Section 3.02Absence of Other Liens. 

(a)There is no UCC financing statement (or similar statement or instrument of registration under the law of any jurisdiction) covering or purporting to cover any interest of any kind of the Grantor in the Pledged Collateral of the Grantor, except for any filings or recordings made in connection with any Liens in favor of the Secured Party or in connection with Permitted Liens (as defined in the Facility Agreement). 

(b)The Grantor is, and as to any Pledged Collateral acquired by it from time to time after the date hereof the Grantor will be, the owner of all of its Pledged Collateral free and clear of any Lien, except for Liens in favor of the Secured Party and Liens described in clauses (ii) and (xv) of the definition of Permitted Liens in the Facility Agreement. 

Section 3.03Validity of Security Interest.  The security interest of the Grantor constitutes a legal, valid and enforceable first priority security interest in all of the Pledged Collateral of the Grantor, securing the payment and performance of the Secured Obligations. 

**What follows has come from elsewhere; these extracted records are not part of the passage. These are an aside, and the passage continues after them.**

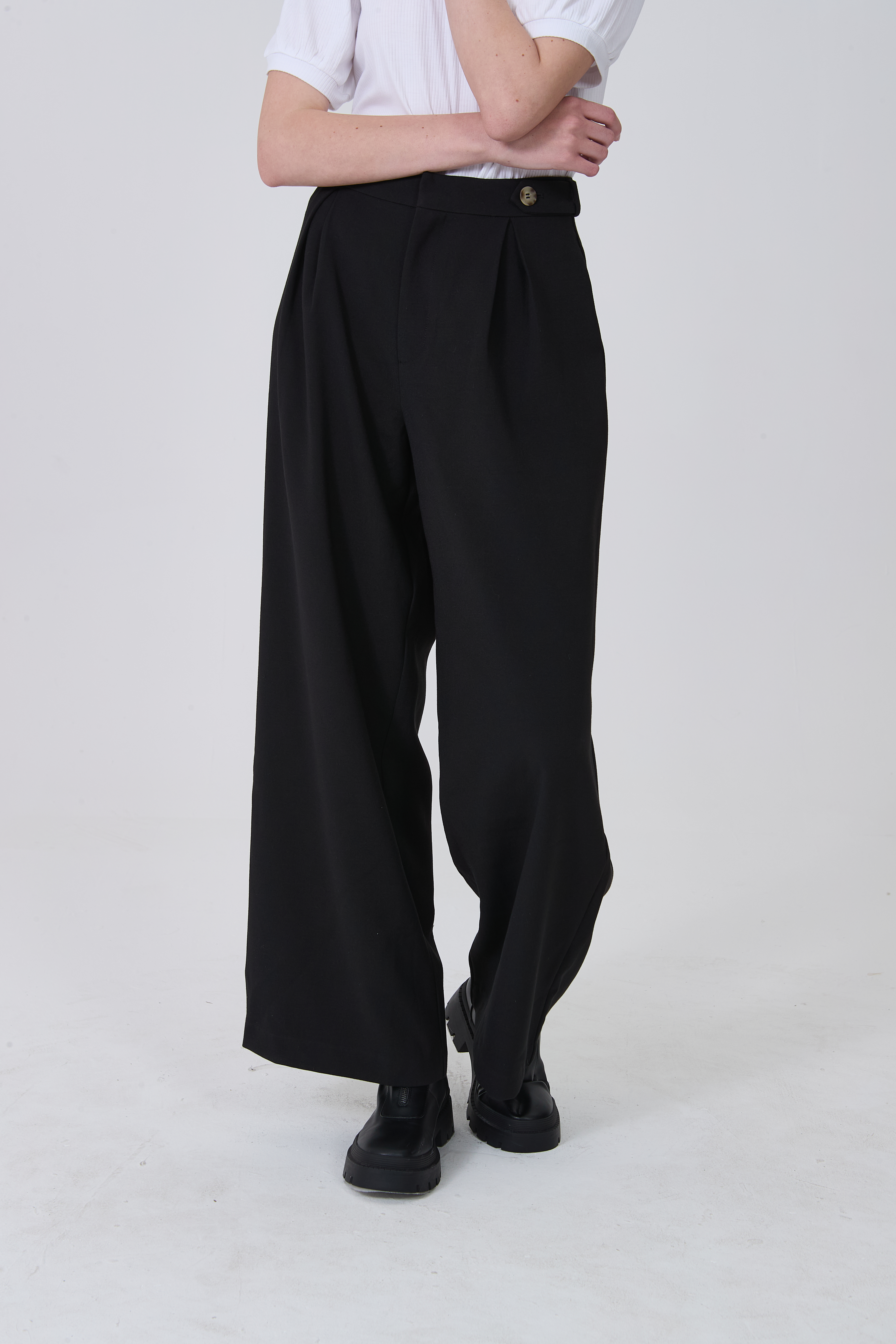 Pantalon poliester, pinzas, recto y de calce alto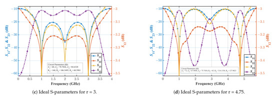 Utilizing the above-mentioned design methodology, the simulated results of a few design examples are shown in Figure 4, and the resulting numerical values of the important parameters are listed in Table 1. It is apparent from Figure 4 and Table 1 that the proposed WPD can be theoretically designed for a frequency ratio () in the range of 1–4.75 considering a 10 dB reference for the return loss and isolation parameters. However, since an additional bandwidth can be obtained in the proposed scheme, as explained earlier with the help of Figure 1b, the maximum frequency ratio () is equal to 12, which is equivalent to a fractional bandwidth.
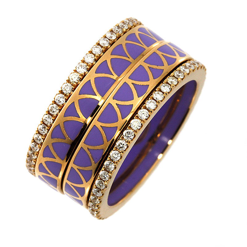 ring 18 kt RG, 94 diamonds 0,84 ct, G-vsi/si, enamel, w:10,7 mm, width:54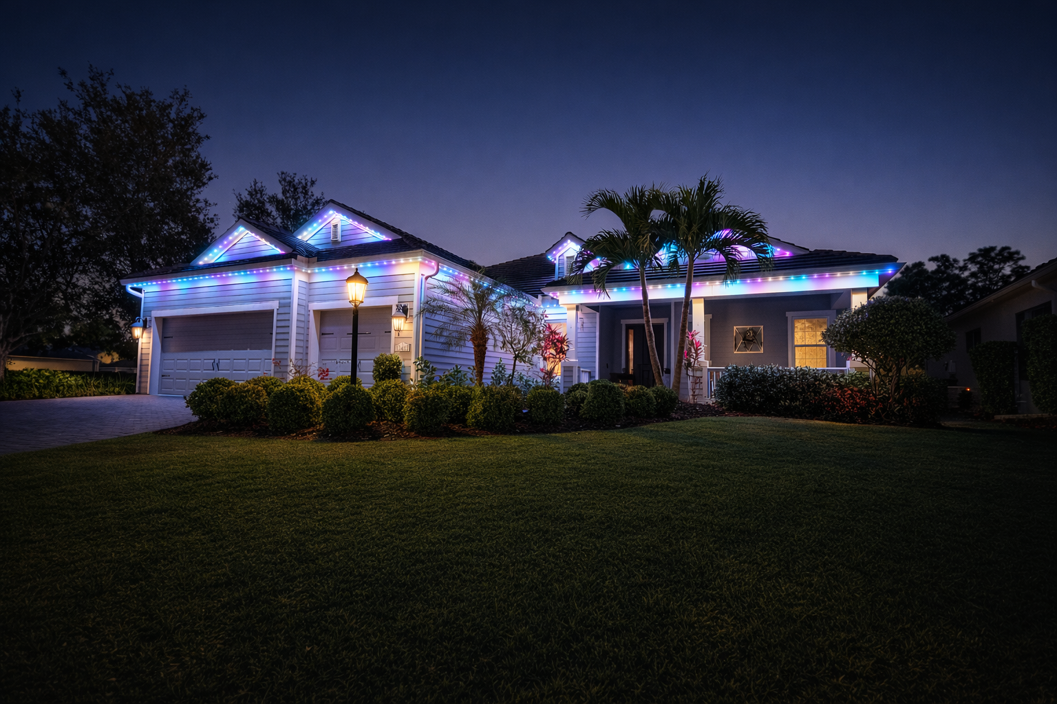 Innovative Lighting installs JellyFish® permanent exterior LED lighting built for year round use. We mount clean, low profile lights along soffits, around lanais and pool enclosures, and throughout landscape areas, then tie it all into a simple phone app. You can run a soft white glow for everyday curb appeal, set brighter scenes for security, or switch to full color for birthdays, game days, and holiday weekends. It is one system you install once, then you can change it anytime.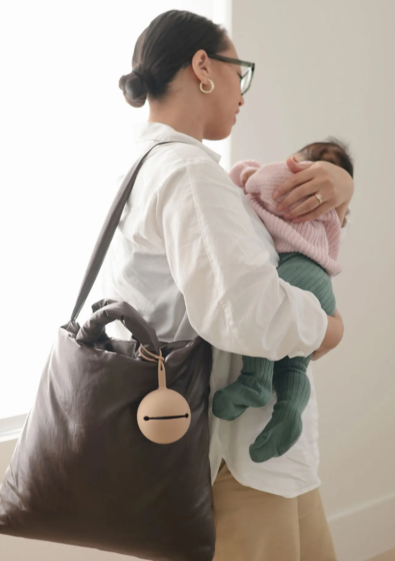 Mit einem stabilen Riemen und Platz für bis zu drei Schnuller lässt sich diese kleine Schnullerbox einfach überall befestigen, z.B. an der Wickeltasche oder am Kinderwagen.

Section 3.04Perfection of Security Interest under UCC.  The Grantor shall cooperate with the Secured Party to ensure that all notifications and other actions, including all filings, registrations and recordings, which are (x) required by the terms of this Agreement to have been given, made, obtained, done and accomplished and (y) necessary to create, preserve, protect and perfect the security interest granted by the Grantor to the Secured Party hereby in respect of its portion of the Pledged Collateral shall have been accomplished. 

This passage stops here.